Alors que l’on attend ici l’article défini, pour lire l’hominidé comme au verset précédent, il n’y a pas d’article. On peut donc lire un hominidé, ce qui n’a guère de sens ici, ou Adam, ce qui anticipe le verset 4, 25 et, à sa suite, tout le chapitre 5 dans lequel on ne trouve plus que le nom propre. Cette anticipation reproduit celle de Gn 3, 17, verset dans lequel Dieu annonce à Adam les conséquences de sa désobéissance, qui concernent bien l’homme, en effet, et non l’hominidé. On peut alors en conclure que les « tuniques de peau », de la même manière, sont faites pour l’homme, pour le protéger contre les effets excessifs de sa désobéissance.
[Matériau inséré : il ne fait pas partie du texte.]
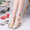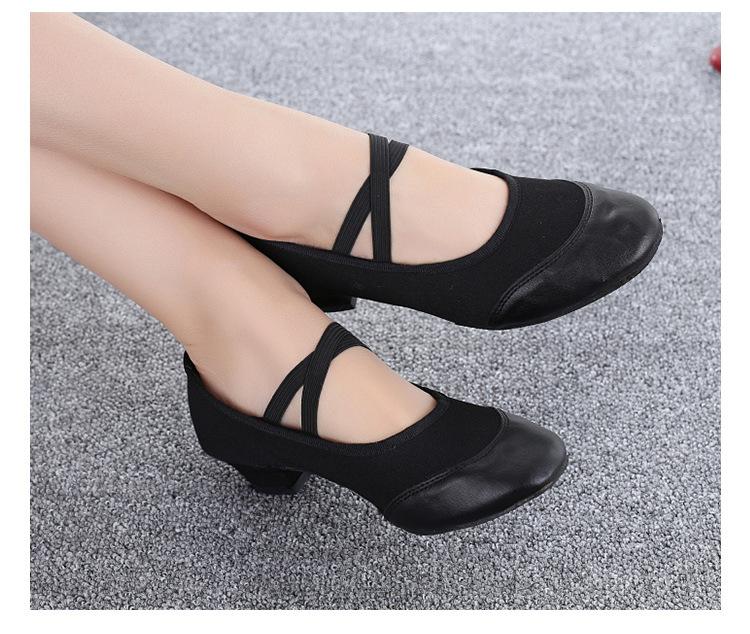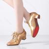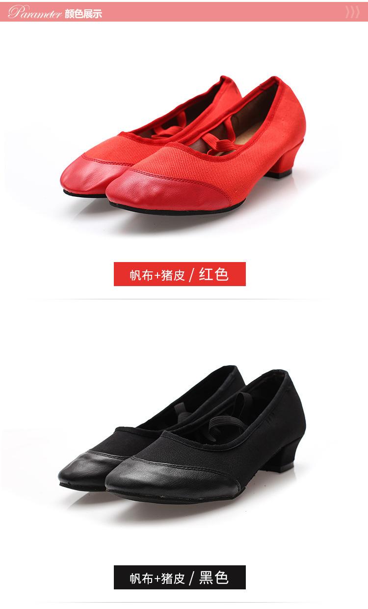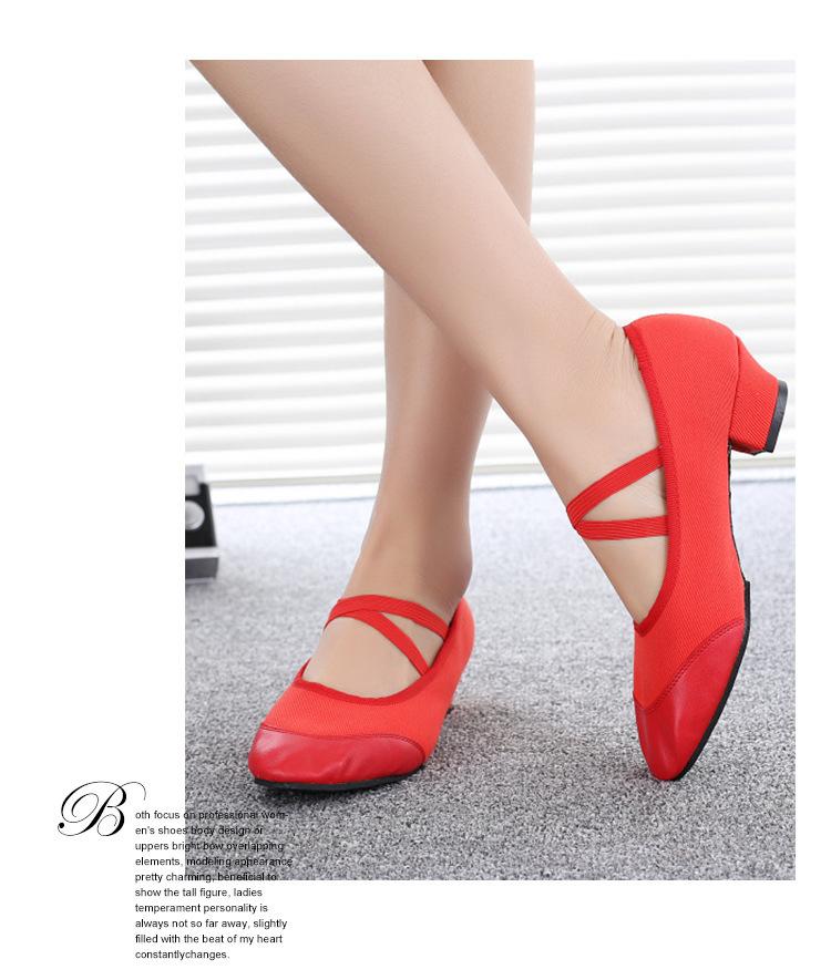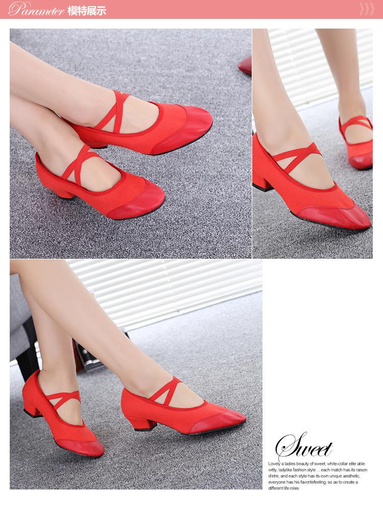 Sapatos de dança vermelhos para adultos, sapatos femininos de dança com raiz quadrada e sola macia de lona para verão 2025, sapatos latinos para mulheres
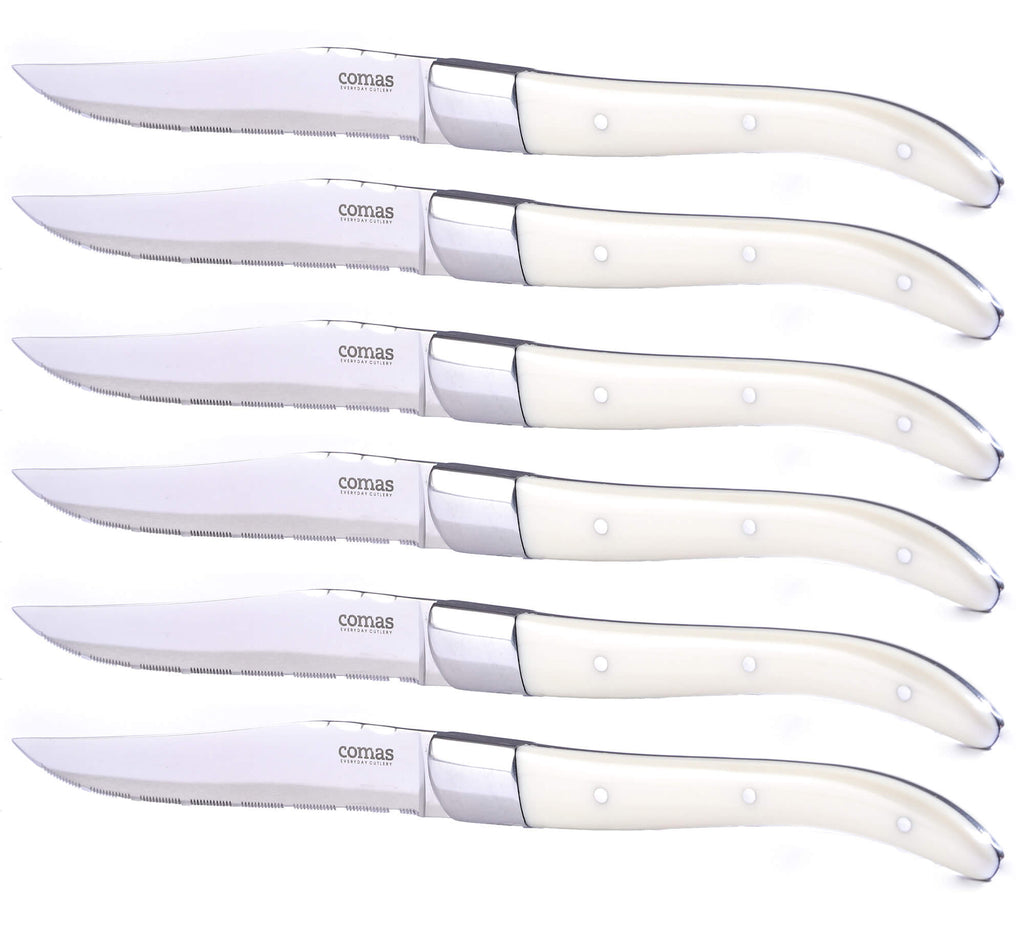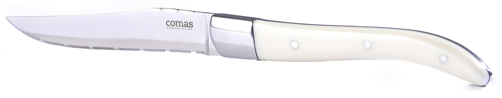 - Steakmesser aus Edelstahl und elfenbeinfarbener Acrylgriff

À l’appui de cette interprétation, rappelons la belle Tradition d’Israël : l’homme avant la faute (c’est-à-dire l’hominidé) rayonnait de la lumière divine, et la peau est venue remplacer la lumière. Or, en hébreu, le mot peau est obtenu en remplaçant, dans le mot lumière, la première lettre aleph (gutturale silencieuse) par la lettre ’ayn (gutturale sonore). La même transformation littérale fait passer du verbe or, racine du mot lumière (briller, illuminer), au verbe ’or, racine du mot peau, dont le sens est « dénuder, être mis à nu ».


mâle et femelle
l’hébreu biblique est un langage symbolique

La valeur symbolique des mots de l’hébreu biblique vient de la valeur symbolique des lettres qui les composent. On peut ainsi s’approcher du sens originel des racines ZKR, se souvenir, et NQB, inscrire, d’où sont issus les mots mâle et femelle. Les symboles mis en évidence soulignent la relation entre les fonctions mâle et femelle, qui se complètent et s’opposent pour promouvoir la vie, comme les valeurs diurnes et nocturnes pour composer le jour ; ainsi, l’attitude femelle requiert autant de passivité fixe que l’attitude mâle exige de mouvement actif. Calqués d’abord sur la reproduction naturelle du vivant, puis sur la vie quotidienne des sociétés primitives, ces symboles ont été construits pour rendre compte des mêmes complémentarités dans les domaines psychologique et spirituel.